▸ **Dataset entries**
· · ·

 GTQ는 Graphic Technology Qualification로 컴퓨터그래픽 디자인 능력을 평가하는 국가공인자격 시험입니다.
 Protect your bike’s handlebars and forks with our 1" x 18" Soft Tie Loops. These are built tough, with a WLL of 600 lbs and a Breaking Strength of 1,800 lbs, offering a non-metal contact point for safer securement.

· · ·

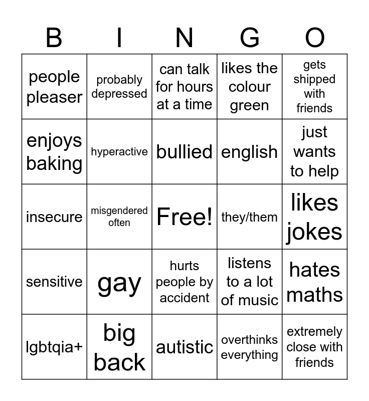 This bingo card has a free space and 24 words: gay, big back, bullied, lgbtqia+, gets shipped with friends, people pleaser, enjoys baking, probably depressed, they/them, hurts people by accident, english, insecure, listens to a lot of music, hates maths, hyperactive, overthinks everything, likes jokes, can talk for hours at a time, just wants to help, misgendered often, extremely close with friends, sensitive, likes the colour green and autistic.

· · ·

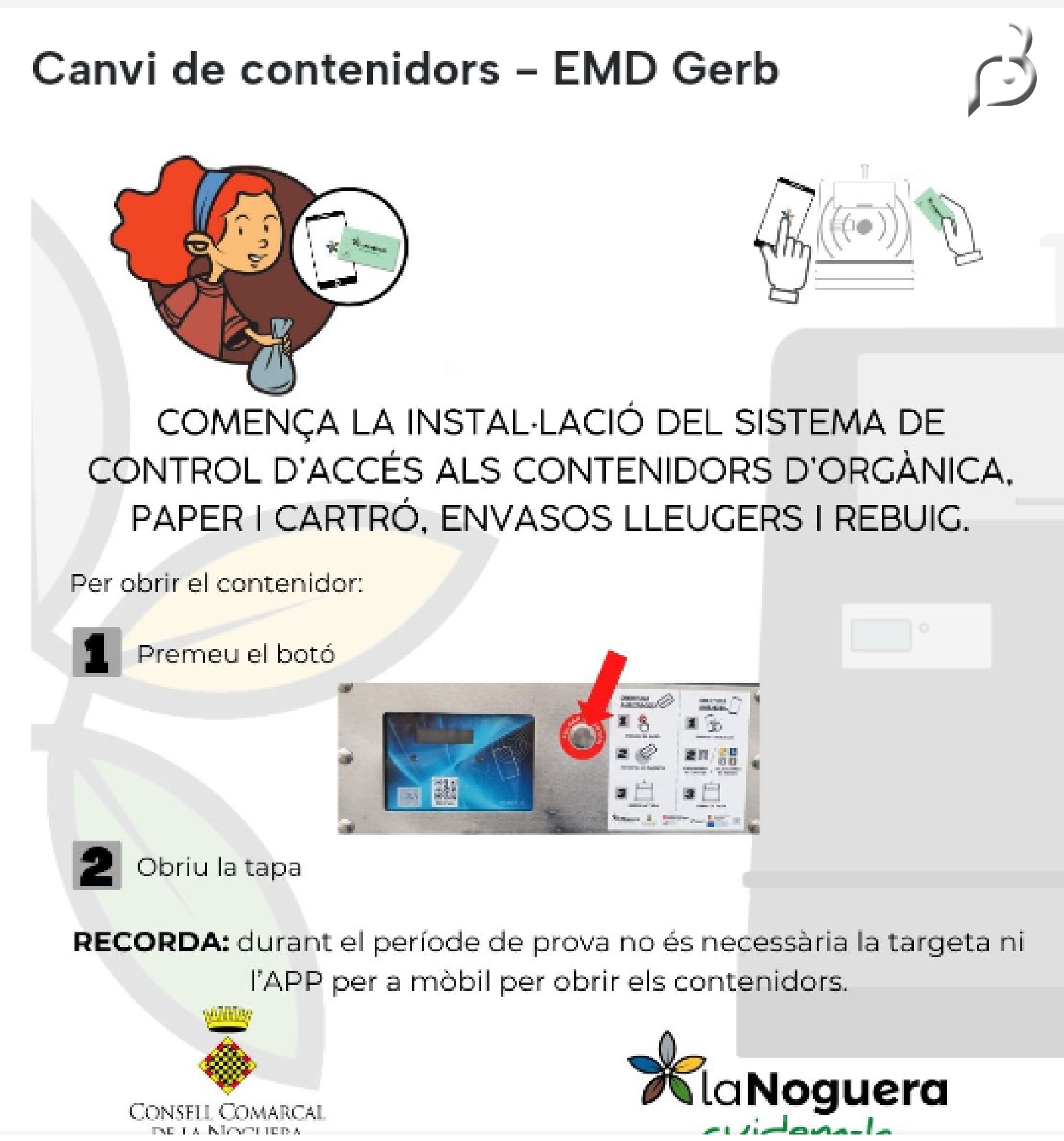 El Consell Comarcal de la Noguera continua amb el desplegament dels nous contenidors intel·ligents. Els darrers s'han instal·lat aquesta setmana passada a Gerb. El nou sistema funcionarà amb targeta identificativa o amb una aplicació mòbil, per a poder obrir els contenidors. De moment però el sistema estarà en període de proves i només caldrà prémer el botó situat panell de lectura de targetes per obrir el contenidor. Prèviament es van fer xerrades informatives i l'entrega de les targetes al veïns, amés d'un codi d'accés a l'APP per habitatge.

· · ·

▸ **Exercise prompt**
From the data above, output exactly the lines between the one containing "GTQ는 Graphic Technology" and the one containing "Protect your bike’s", counting both of them.

▸ **Final answer**
 GTQ는 Graphic Technology Qualification로 컴퓨터그래픽 디자인 능력을 평가하는 국가공인자격 시험입니다.
 Protect your bike’s handlebars and forks with our 1" x 18" Soft Tie Loops. These are built tough, with a WLL of 600 lbs and a Breaking Strength of 1,800 lbs, offering a non-metal contact point for safer securement.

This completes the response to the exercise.